Taking it to the streets
Who is defacing popular graffiti art by splashing it with buckets of paint?
That was the question bedeviling New York’s street artists and their fans during the serial art assaults by the person or persons dubbed The Splasher, from late 2006 through June 2007.
Heading into DiverseWorks Thursday night for the opening of The Splasher, I suspected this subject might be a fine fit for Troy Schulze, the show’s creator/director/star, and producing company the Catastrophic Theatre.
This is the second outing for Catastrophic, the company led by Jason Nodler and boasting castaways from his late, lamented Infernal Bridegroom Productions. One of IBP’s most prominent talents as actor and director, Schulze in his years with the troupe developed his own performing identity and following. He generated idiosyncratic new theater pieces built on “found” materials, such as Jerry’s World, based on broadcasts of cult radio personality Joe Frank; and Me-sci-ah, drawing on interviews with Scientology founder L. Ron Hubbard and the outfit’s best-known proponent, Tom Cruise. That latter work proved prescient, well ahead of the societal curve on the “What’s up with Tom?” meter.
In content and spirit, The Splasher does seem the right show for Schulze and Catastrophic — so far as it goes. It just doesn’t go far enough. Given the promising theme, the end result seems incomplete and inconclusive.

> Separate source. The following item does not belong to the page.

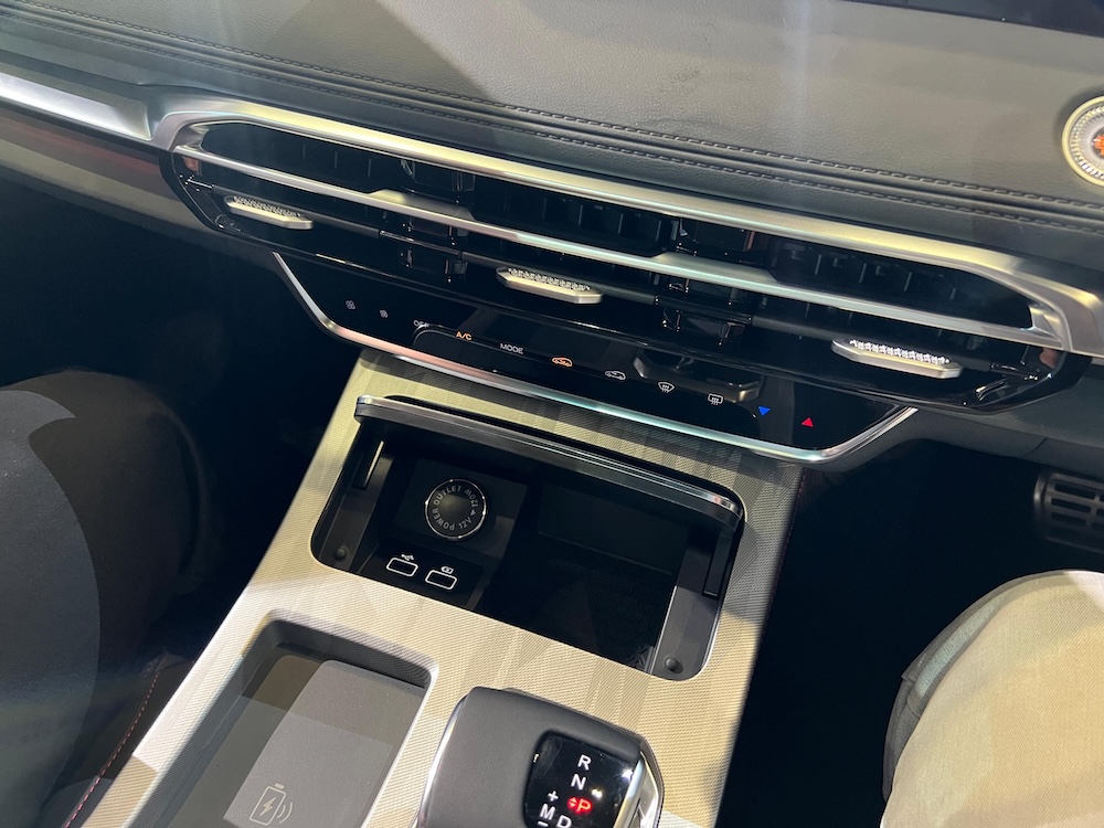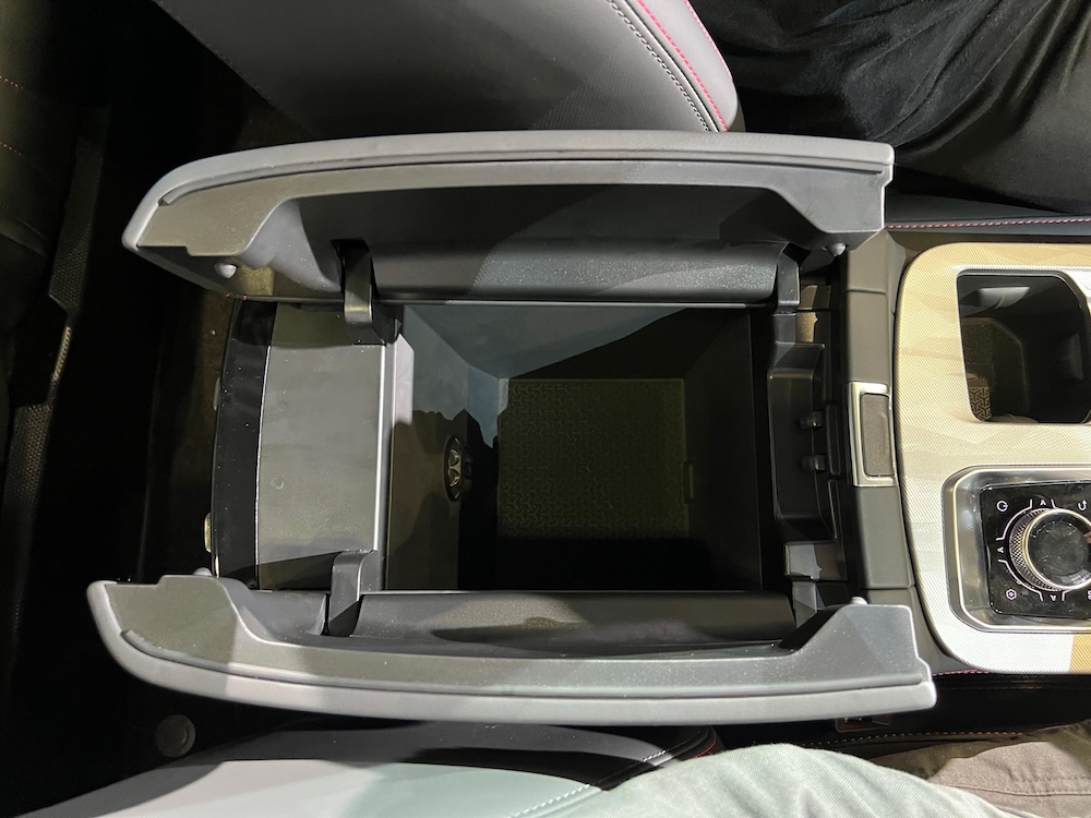 - Ada pengecas wayarles 50W, tiga port USB Type-A, satu port USB Type-C, dan soket 12V.

Schulze again seems to have taken much of his script from actual documents: the rambling, bewildering manifestos left behind at each of The Splasher’s defacements; the disgruntled statements of artists affected; varying opinions of the case expressed on Internet chatrooms.
The drawback with relying chiefly on actual materials is that they don’t necessarily add up to a complete show. There’s not enough direct communication between The Splasher and his targets, mostly street artists who’ve gone on to commercial success, to build much drama.
Though the show’s succession of brief scenes is lively, none gains much traction. The one-hour piece ends abruptly, as did the attacks, after a troublemaker is arrested trying to detonate a “stink bomb” at a gallery opening. He’s suspected of being The Splasher, but the actual identity, like much about the affair, is unclear at the close.
At several points, Schulze juxtaposes The Splasher’s art-vandalism tale with the case of Michael Fay, the American teen publicly caned for vandalism in Singapore in 1994 — presumably as an example of more stringent penalties for vandalism? Even here, the stakes never seem high enough.
The Splasher raises interesting issues and may generate discussion, especially among art fans. What is art and who owns “street” art? When one street artist modifies another’s creation, isn’t it an extension of the same process? What constitutes vandalism or defacement of such art, when the application of the art was vandalism and defacement of someone else’s property to begin with?
In the show’s serio-satiric approach, the artists’ chat comes across as facile, The Splasher’s rants as enigmatic and obtuse. The show skims the issues raised rather than exploring them meaningfully.
Schulze amusingly plays the title role as a sort of Phantom of the Street Art Scene: a hooded mystery man, voice mechanically distorted, with a sly skulking manner, as if trying to disappear into the shadows. His “interview with myself,” talking himself in circles and apparently to exhaustion, is nicely realized.
Walt Zipprian stands out as a hot-headed landlord and, later, in a funny turn as an artist glibly justifying his commercial sellout. Julie Boneau brings bite and sass to one of The Splasher’s feistier victims, darkly vowing retribution.
Tim Thomson’s video sequences boost the show considerably. However, having the “splashings” depicted through projected images makes one wonder. Shouldn’t this show have some real paint splashings onstage to convey the visceral charge and anarchic spirit behind the protagonist’s actions?
As things stand, The Splasher makes only a little splash.